San Juan National Forest, Southwestern Colorado

Case description

Decades of fire suppression, logging of large trees, and appeals from environmentalists, resulted in an unhealthy forest ecosystem surrounded by social turmoil and a depressed local economy. Recognizing the problem as multi-dimensional, the Ponderosa Pine Forest Partnership emerged as a different way of doing business by addressing the needs of local communities.


Primary partners

San Juan National Forest
Montezuma County
Colorado State Forest Service
Colorado Timber Industry Association
Colorado State University
Fort Lewis College
Interested Citizens

Primary objectives
  • Increase the abundance and diversity of wildlife habitat and wildlife species.
  • Create a sustainable commercial approach to thinning second growth pine.
  • Assist industry in transitioning to small diameter material.
  • Demonstrate a process of coupling scientific analysis with broad based public input to inform management.

From "The Stories and Principles of the Pine Partnership," Mike Preston and Carla Garrison, 1999.


Year of initiation


What is fostering progress?

  • Support of Forest Service: The Partnership's pilot project has been institutionalized by the Forest Service as standard practice in managing this ecosystem.
  • Leadership: Leadership of well-connected and persistent individuals who have adopted an "opportunistic networking" approach, not coalition-building.
  • Clarity: The Partnership has clear objectives and principles guiding its progress.
  • Shared Responsibility: Authority and expertise used as avenues for sharing responsibility.
  • Continued Learning Opportunities: Participants understanding enhanced by being exposed to new adaptive strategies.
  • Making Connections: Found ways to connect science, values, and management rather than addressing each separately

What challenges were faced and how were they overcome?

  • Integrating Science and Management: Managing the ponderosa pine forest with a new harvest approach created skepticism. The best science available at that time was not enough.

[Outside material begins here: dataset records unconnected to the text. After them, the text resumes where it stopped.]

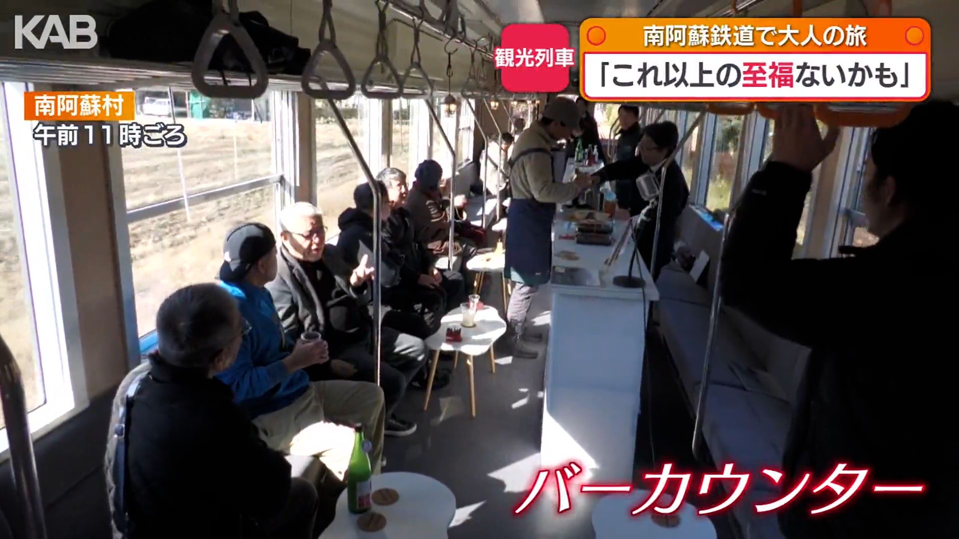 列車の通路には、バーカウンター。マスターは南阿蘇鉄道の社員です。列車に乗って、南阿蘇村の冬景色を楽しんでもらいたいと、南阿蘇鉄道が企画しました。
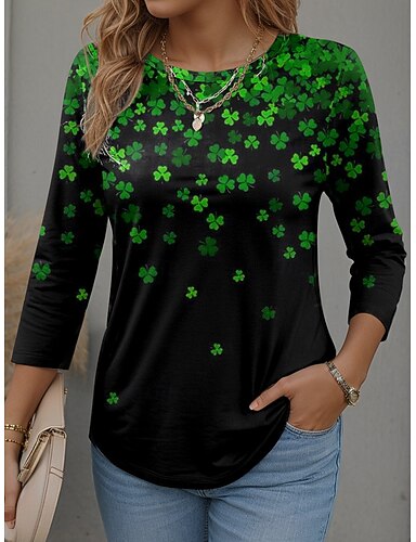 Camiseta Feminina do Dia de São Patrício com Gráfico de Trevo Moda Estilosa Moderna de Manga Longa Gola Redonda Tops Regulares Estampada Diária Fim de Semana Branca Verde Primavera Inverno
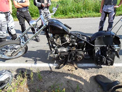 otin kaverin repun kyytiin ku siit men olkaremmi poikki.. hoijakkaa kiinni oman säkin päälle ja menoks..nooh eihän se siinä sitten pysyny,, ketjut imas sen mukaa ja repun sisältöö sitten eturattaan ympäri..takanakki lukkoo, perän heitti eka oikeelle puolelle ja sit ku mopo oli poikittain töppäs kunnol ja kaatu oikeelle kylellee ja kuski lähti satulas.. pientä murtumaa tuli ranteeseen yms.. sen verran ihmeellist et rattaan mutteris korkkas kierteet...
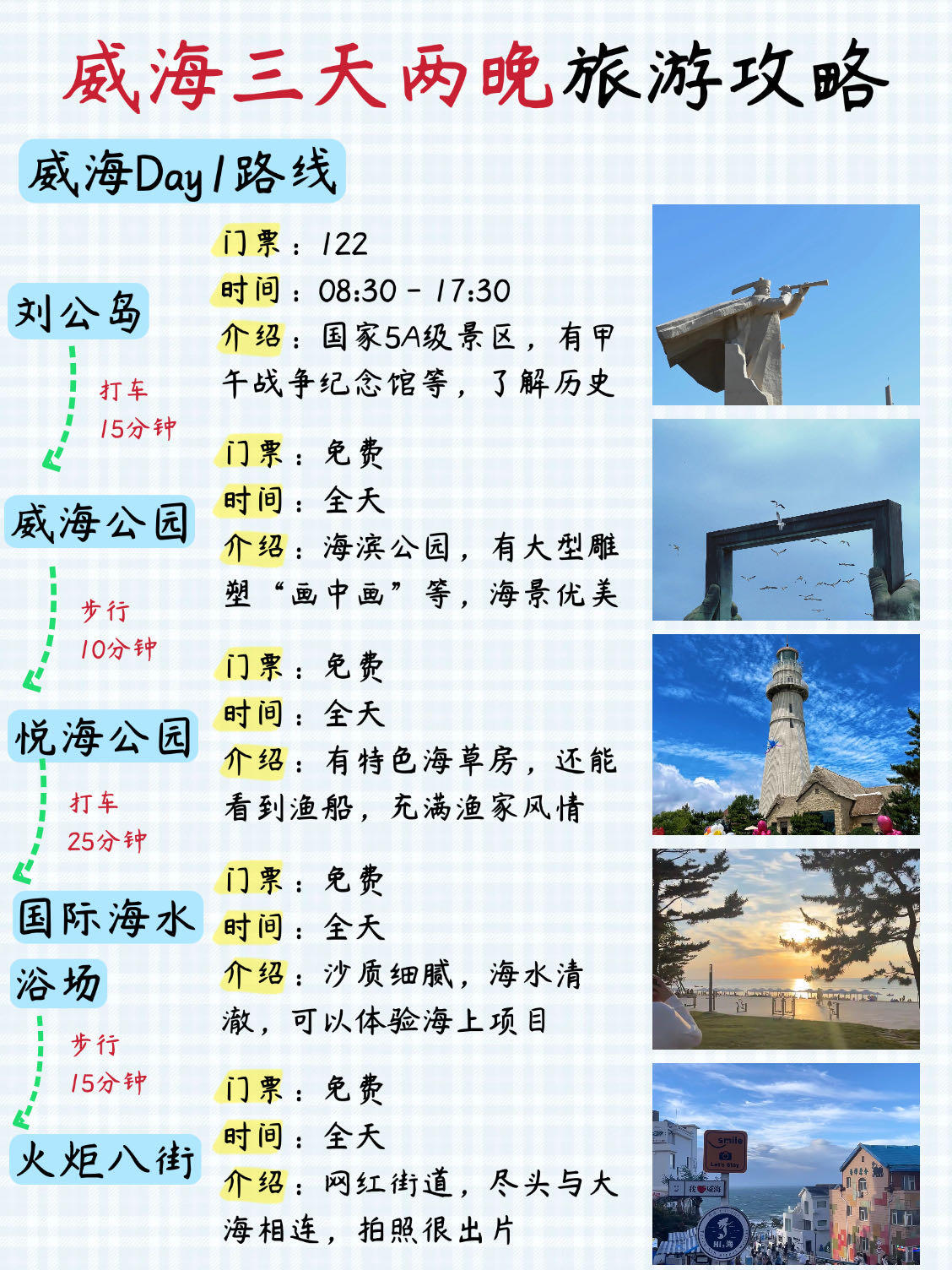 📍威海DAY1路线:刘公岛 ➡️ 威海公园 ➡️ 悦海公园 ➡️ 威海国际海水浴场 ➡️ 火炬八街
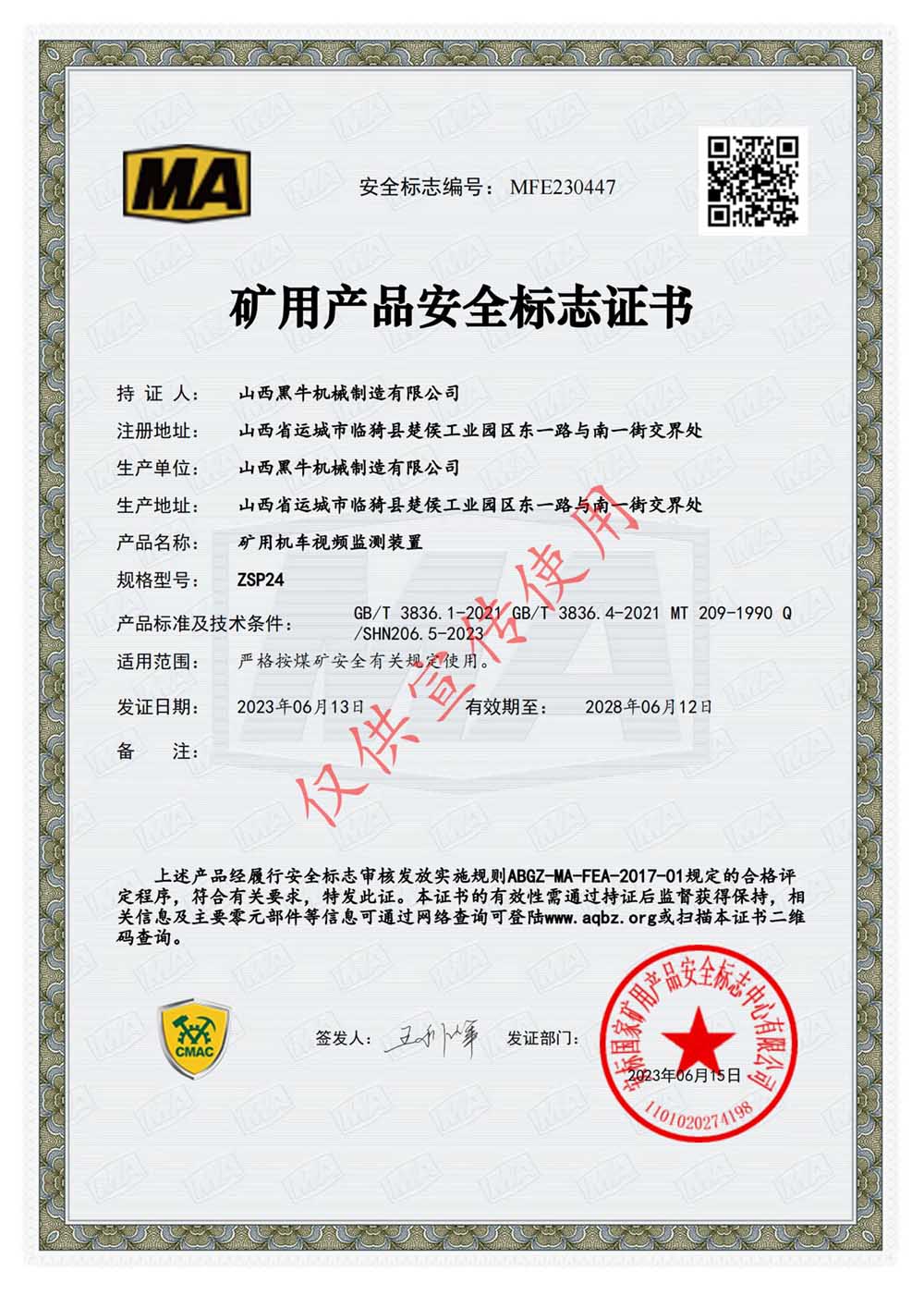 資質(zhì)證書 >視頻監(jiān)控裝置安標(biāo)證>礦用機(jī)車視頻監(jiān)測裝置

Adaptive management coupled with monitoring allowed the group to correct changes and grow from past experiences. Pilot projects also provided a forum for interaction around something tangible.
  • Attaining Community Involvement: At a time when the Forest Service was being challenged at all levels of the decision-making process, local governments were found to play an important role in mobilizing the community to support change.
  • National Pressure on Forest Service, Environmental Groups, and Timber Representatives: The environmental community was receiving pressure from national environmental organizations suspicious of local efforts. The timber industry was wary of adapting to small diameter materials when uncertain of market demands. Meanwhile, the Forest Service was charged with balancing the needs of all interests. Together they are taking incremental steps and an adaptive management approach.
  • Budget Limitations: Funding constrains the scope and viability of the project. Primarily, product revenues will determine the long-term sustainability. Industry must be willing to diversify their operations, while improving market place efficiencies.

What lessons can be drawn?

  • Show results: Get something done on the ground quickly, which enables the group to monitor work and practice adaptive management.
  • Look to other examples: Seek advice from other restoration and stewardship projects.
  • Focus on baseline issues first: Establish common ground, trust, and internal stability prior to expanding the issue outside the area of interest.